Take a note of the warning message in ggplot2 version that says 5 rows were removed. This often occurs when there are NAs in the data. We know SBP column had NA values. If this was unexpected, you need to inspect the data and handle the out-of-range values accordingly.
14 Scatter Plot
We use scatter plots for visualizing the relationship between two continuous variables. We will plot SBP against age.
# ggplot2 scatter plot
ggplot(df, aes(x = age, y = SBP)) +
geom_point(color = "darkblue", alpha = 0.5) +
labs(
title = "Systolic Blood Pressure vs. Age",
x = "Age (Years)",
y = "SBP (mmHg)"
) +
theme_minimal()Warning: Removed 5 rows containing missing values or values outside the scale range
(`geom_point()`).
15 Preparing for Next Session
In session 4, we will learn how to perform basic statistical tests in R. Because this workshop is focused on learning the technical aspect of programming, discussions of statistical concepts will be minimal.

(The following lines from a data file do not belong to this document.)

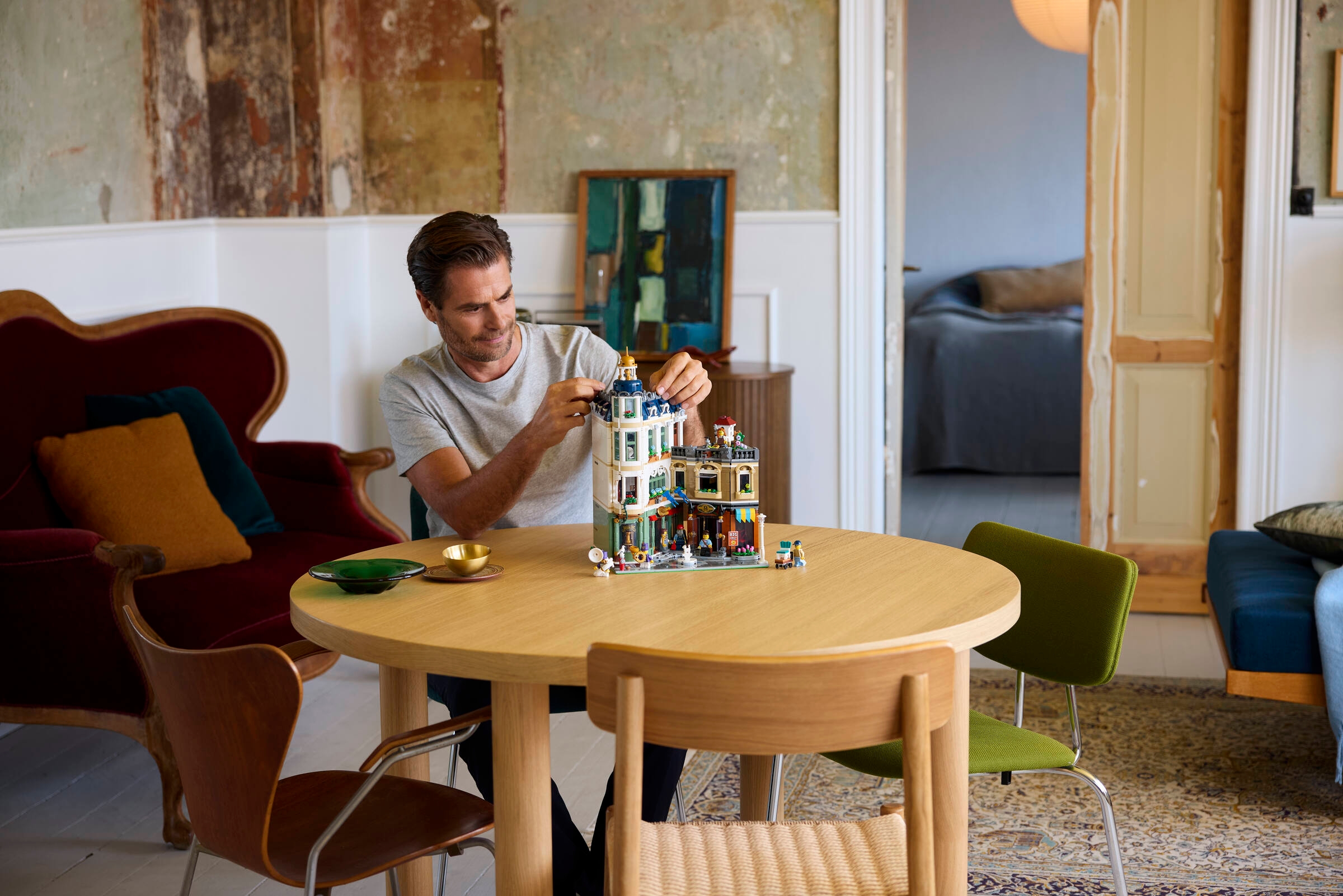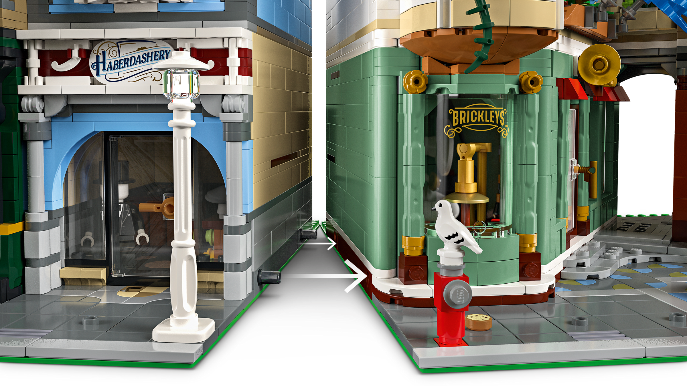 Das 3-geschossige Gebäude beherbergt einen 2-geschossigen Musikladen mit Instrumenten für Marschkapellen und das benachbarte Möbelgeschäft mit Ladentheke, Hockern, Tisch und Werkstatt. Im Dachgeschoss befindet sich eine möblierte Wohnung mit Badezimmer. Und der Dachgarten bietet Platz für Topfpflanzen und einen Taubenschlag. Dieses Modell mit 7 Minifiguren ist die perfekte Zimmerdeko fürs Wohnzimmer oder Büro. Dank des modularen Designs sind alle Räume gut zugänglich.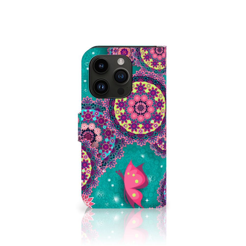 iPhone 15 Pro Hoesje met pasjes Cirkels en Vlinders
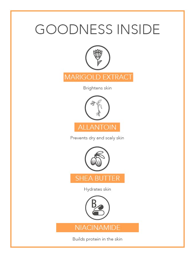 • Marigold Extract gently heand soothes the skin working as a powerful antiseptic
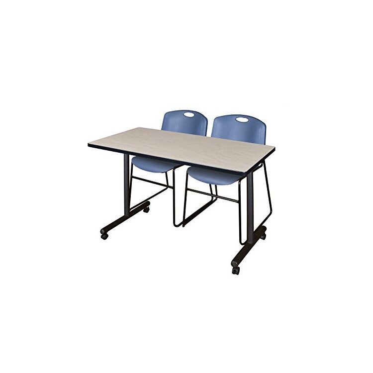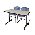 • 48 x 24 Maple Training Table w/2 Stack Chairs - Blue - Regency Seating image - 1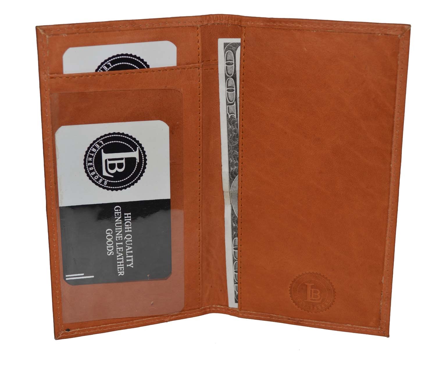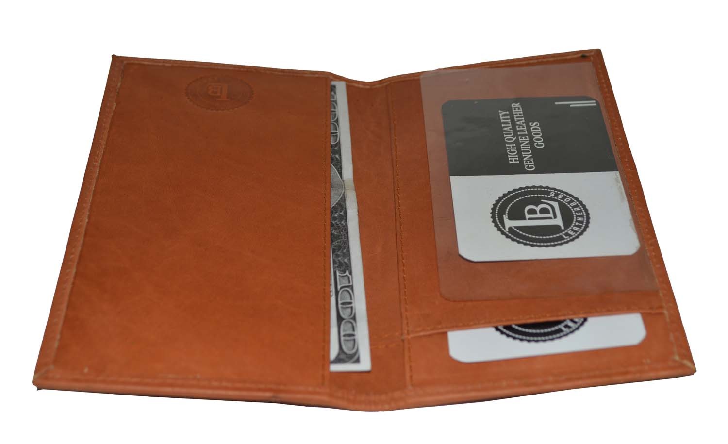 как выглядит Leatherboss Genuine Leather Checkbook Cover Super Slim Plain Men Women Cowhide фото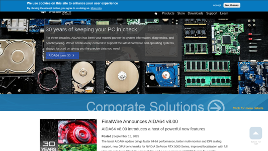 | AI-анализ | This website, titled "AIDA64," is an industry-leading software solution for system information, diagnostics, and benchmarking. It offers advanced hardware monitoring and detailed system reports. The software has been in existence for 30 years and has continuously evolved to support the latest hardware and operating systems. AIDA64 provides precise data on various aspects of a system, from early processors and memory modules to today's cutting-edge components. It has been a constant presence in the ever-changing world of computing, supporting every major technological leap and providing reliable network and system information for both individual PCs and entire enterprise networks. The latest update, AIDA64 v8.00, introduces faster 64-bit performance, better multi-monitor and DPI scaling support, new GPU benchmarks for NVIDIA GeForce RTX 5000 Series, improved localization with full Un |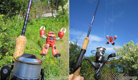 薩克裝上夏亞專用茲卡克的手部並接上釣餌鉤,活用紅色製成美國龍蝦風格的釣餌。能釣到東西嗎~。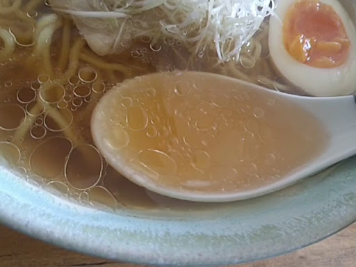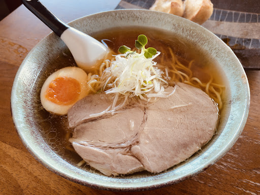ラーメン+餃子1500円 日立の桃苑の店主の娘さんのお店みたいですね。 笠間市総合公園前にある、小洒落たたたずまいで、パット見、ラーメン屋には見えないですねw 開店時間丁度に着きましたが、駐車場ギリ1台空き。店内もラーメン屋らしかなぬスタイリッシュな感じで、向かいの公園の眺めもよく、ラーメンカフェか? メニューは醤油味のラーメンと餃子。 先に運ばれてきた餃子は、ホワイト餃子みたいな揚げ焼きタイプ。かなりこんがりとしたきつね色で、桃苑のとは明らかに違う感じ。とりあえず熱そうなのでラーメン待ち。ラーメンは中華屋的な清湯に、煮干しを加えて中華そばに寄せた感じかな。塩気がギリギリの低さで、スープ飲みたい自分には嬉しい感じ。合わせる麺もよくある中華麺だが、茹で加減よくすすり心地よし。特筆すべきは肩ロースチャーシューかな。存在感抜群で、1枚でも十分な感じ。 そろそろ冷めた餃子をパクリ。 ああ、桃苑の餃子のあの皮の厚さと、野菜がパンパンに詰まった感じはそのままですが、揚げ焼きによる皮の感じがかなり違いますね。フランスパンのバケットwあれ 半端ない食べごたえなので、2個ぐらいでちょうどよいかもw お会計時、『餃子残ってません?』と聞かれましたが。全部いただきました。ごちそうさまでした🤣 接客もとても丁寧で、居心地の良いし、売りたいものが明確でよいビジネスモデル。いつも混んでるのがそれを表してるように思う。 桃苑とは違う、この店の色がよく出てて良い店ですね。次...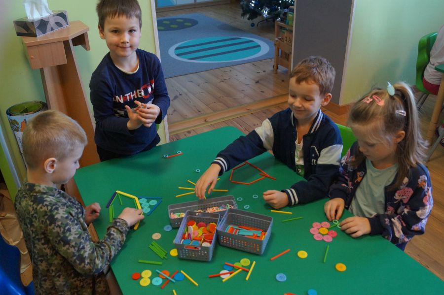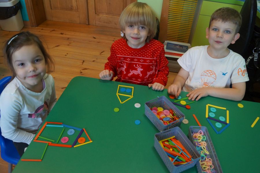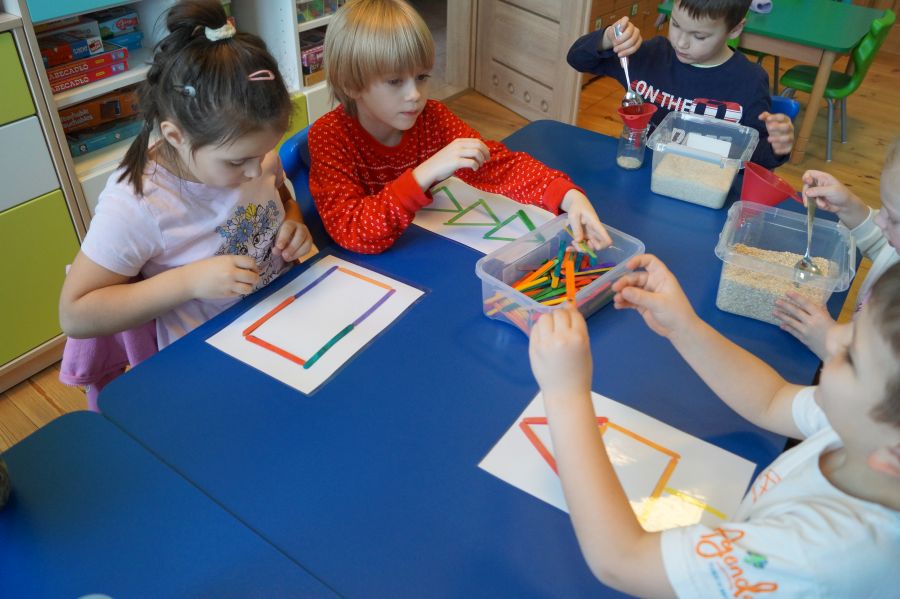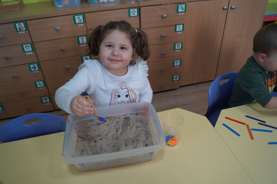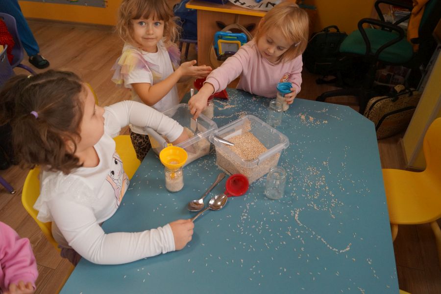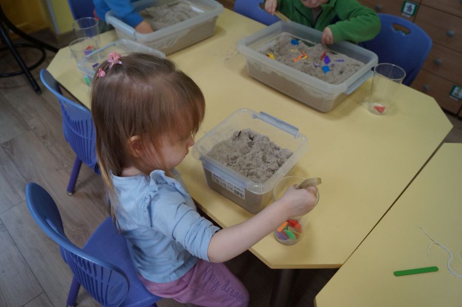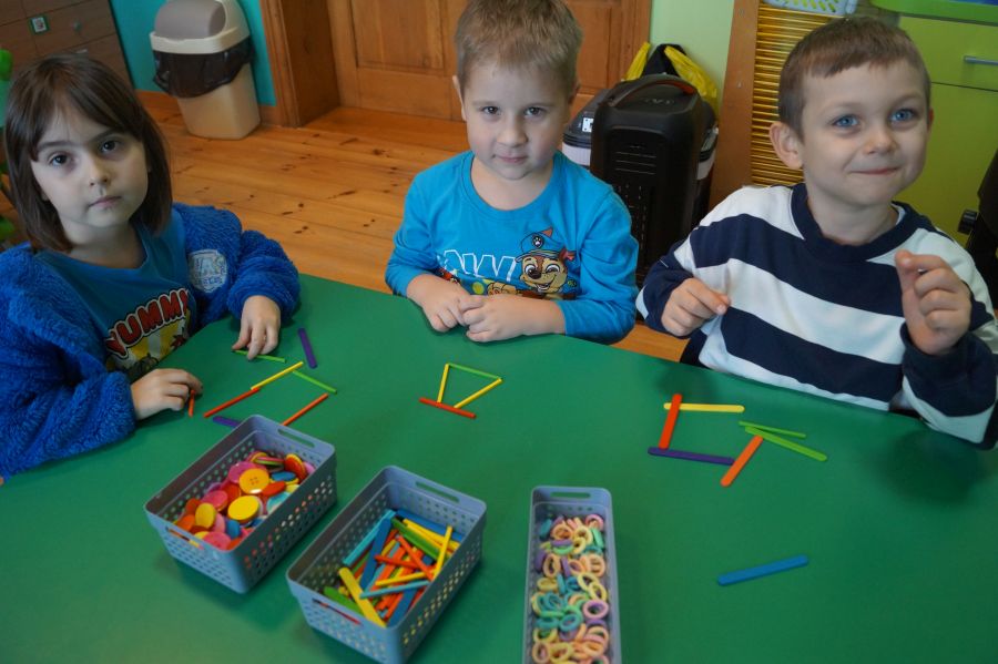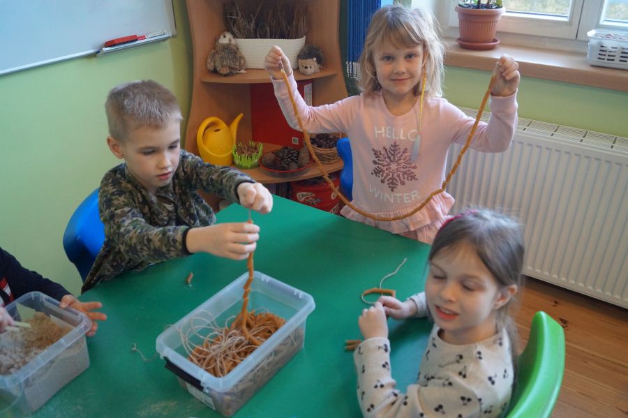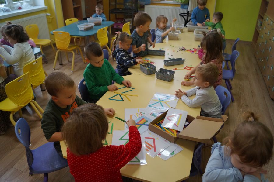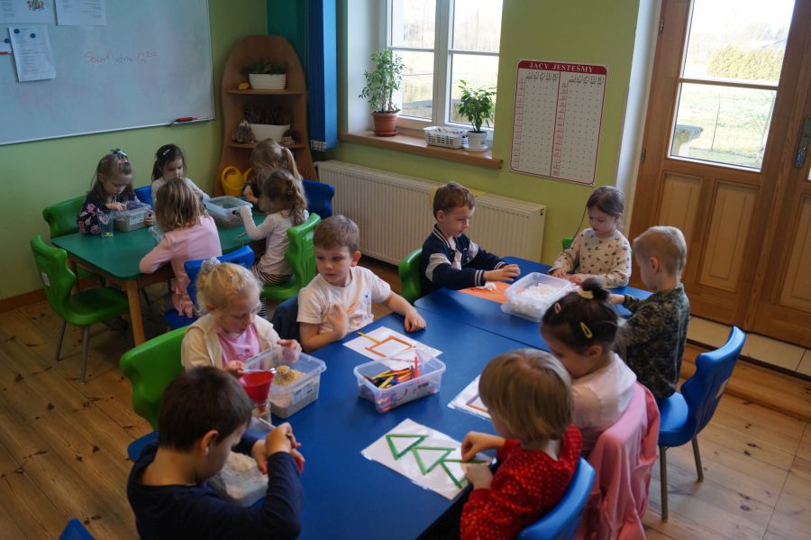 Podczas dzisiejszych zajęć dzieci ze starszej i młodszej grupy przedszkolnej pracowały na kilku stanowiskach rozwijających motorykę małą, koncentrację oraz kreatywność. Wykonywały różnorodne zadania: segregowały kształty ukryte w piasku, tworzyły własne kompozycje z patyczków, guzików i wełny, nawlekały „makaronowe korale”, przesypywały ryż i kaszę, a także układały rytmy z patyczków. Takie aktywności wspierają sprawność dłoni i palców, koordynację wzrokowo–ruchową, logiczne myślenie, a także cierpliwość i samodzielność. Dzieci uczyły się poprzez zabawę, eksperymentowanie i działanie, rozwijając jednocześnie swoją wyobraźnię oraz umiejętność skupienia uwagi.

Review the following methods as needed prior to the next session:
- t-test and ANOVA
- chi-square test
- linear regression
- logistic regression (WWAMI Research Methods course does not cover this. So we will go over this concept in a little more detail than others.)
We will also run queries, take a look at the extracted data, and interact with the Workspace bucket. You can follow along with your own data or just observe. However, do create your own Workspace and work with Data Explorer and bring any questions or comments to discuss in class.